-- Problem requirements --
Report back every line of the entries that contains "Magdalen", exactly as written.

-- Dataset records --
Content starts
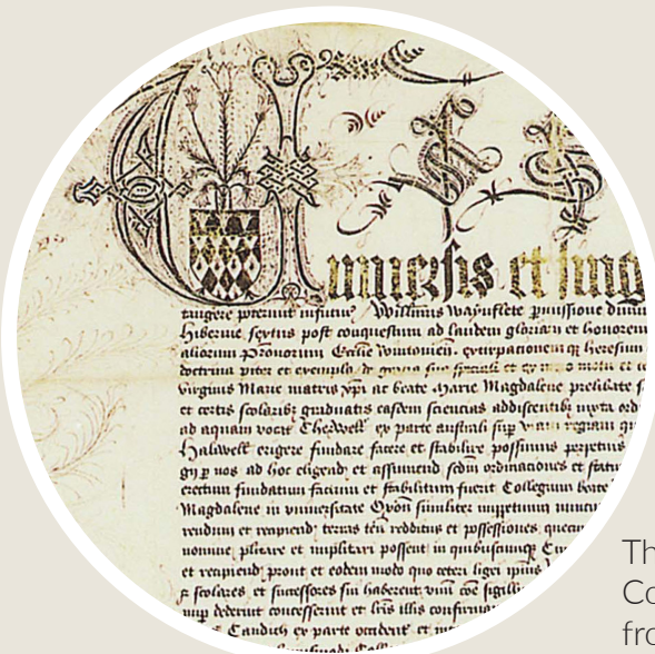
The Magdalen College Charter from 1458

We hope that members are inspired to become more actively involved in College life and will continue the tradition of philanthropy on which Magdalen has been built since its foundation in 1458.
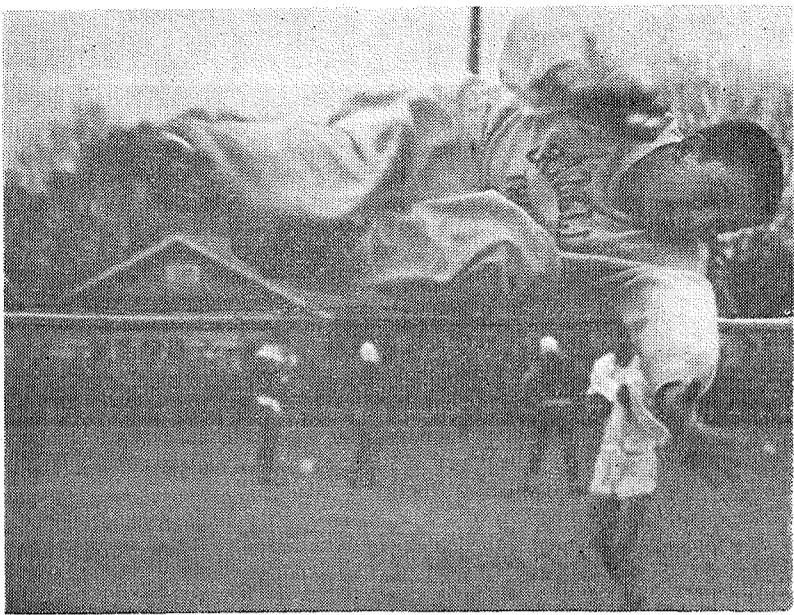
• UP AND OVER—Jarrell Williams, sophomore, takes the side view as he high jumps during the dual track meet with Mena staged Friday in Grizzly Stadium. The Grizzlies won the meet 112-2.
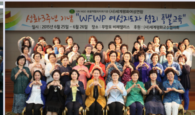
WFWP leaders taking commemorative photos after receiving special education on the providence
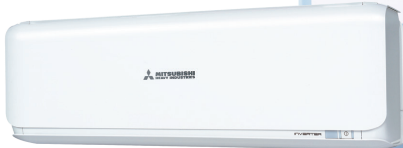
SRK20ZSX-W, SRK25ZSX-W, SRK35ZSX-W SRK50ZSX-W, SRK60ZSX-W
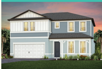
WHITESTONE BY PULTE HOMES

1 - 2 Story • 1,850 - 3,416 sq. ft. 4604 Ballantrae Boulevard
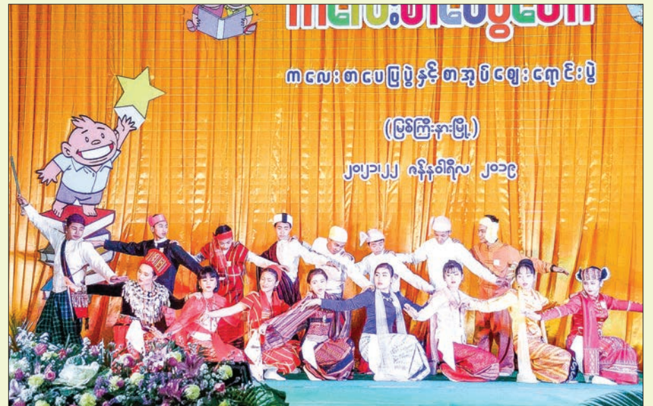
Students entertain the attendees with dance at the opening ceremony of the Children's Literature Festival in Myitkyina.
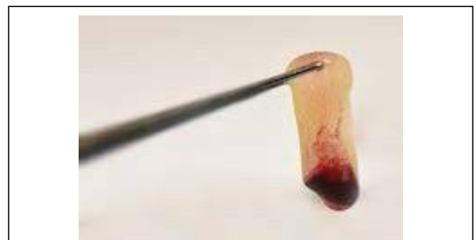
Figure2: The PRF clot can be removed from the tube with surgical tweezers.
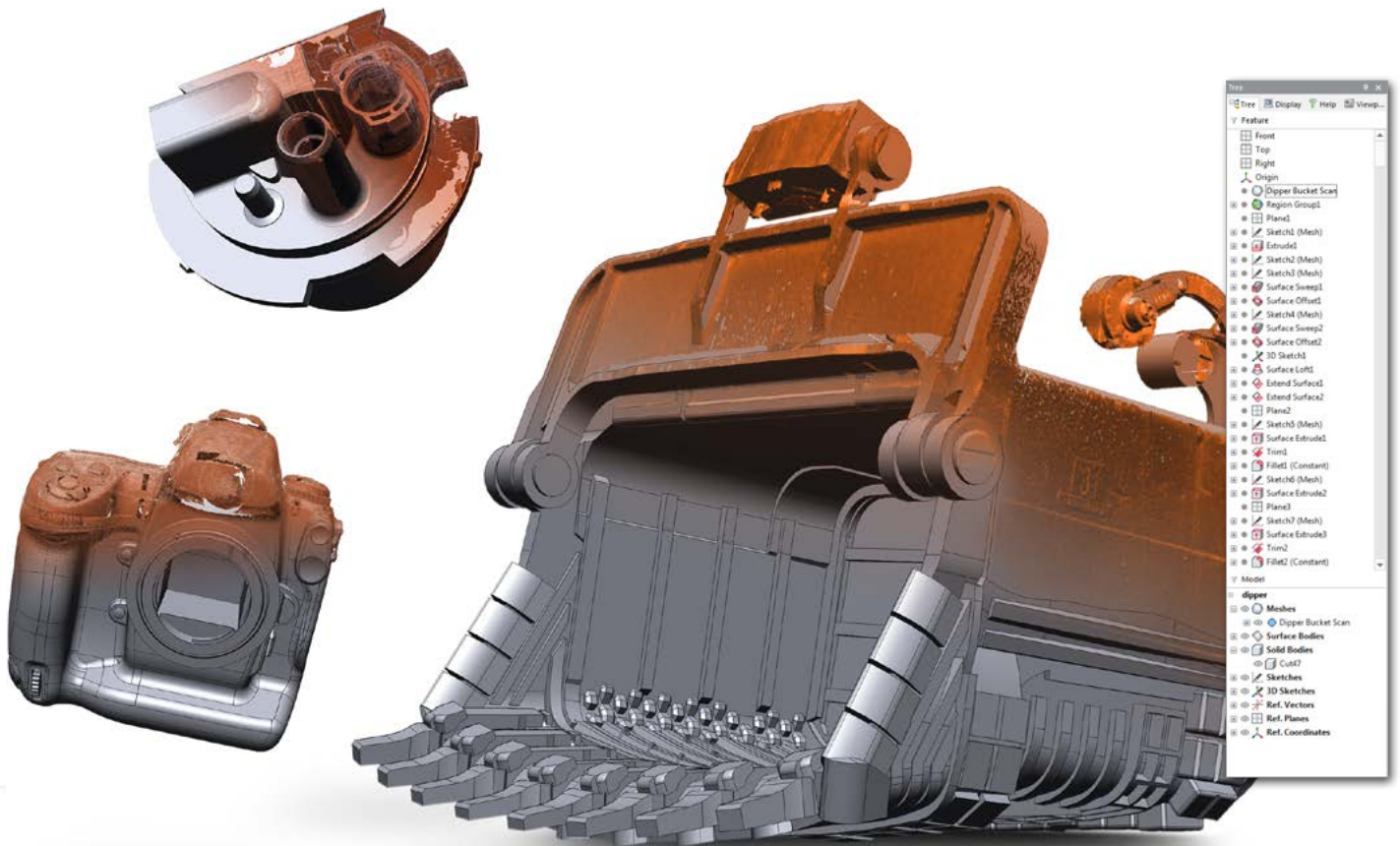
A parametric solid models created in Geomagic Design X

Save significant money and time when modeling as-built and as designed parts. Deform an existing CAD model to fit your 3d Scans. Reduce tool iteration costs by using actual part geometry to correct your CAD and elimination part springback problems. Reduce costly errors related to poor fit with other components.
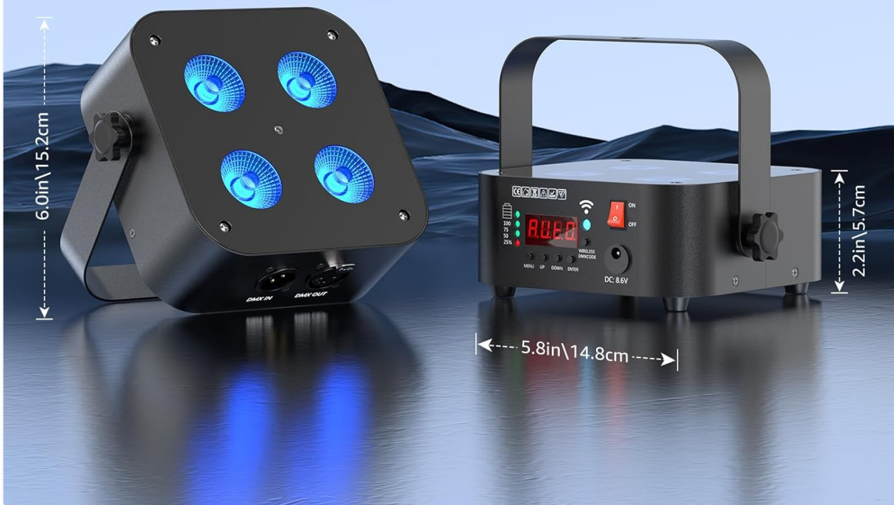
Figure 4.1: The compact size and included bracket allow for easy placement and portability.
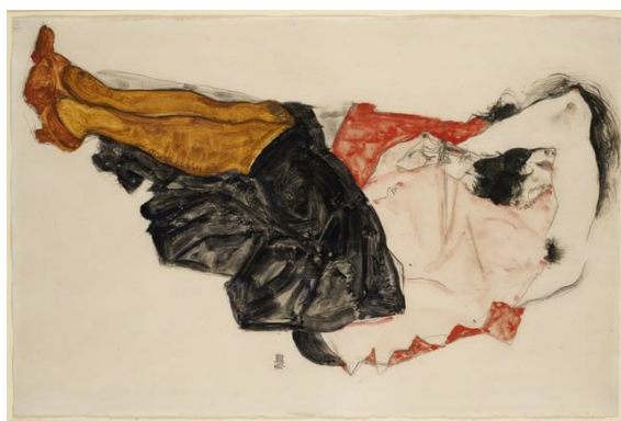
Egon Schiele, Woman Hiding Her Face (1912)
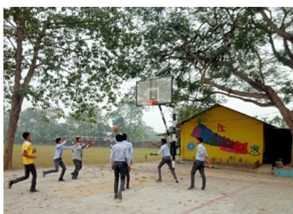
Students get coaching in Basketball game
Content ends
-- Response to the exercise --
The Magdalen College Charter from 1458
We hope that members are inspired to become more actively involved in College life and will continue the tradition of philanthropy on which Magdalen has been built since its foundation in 1458.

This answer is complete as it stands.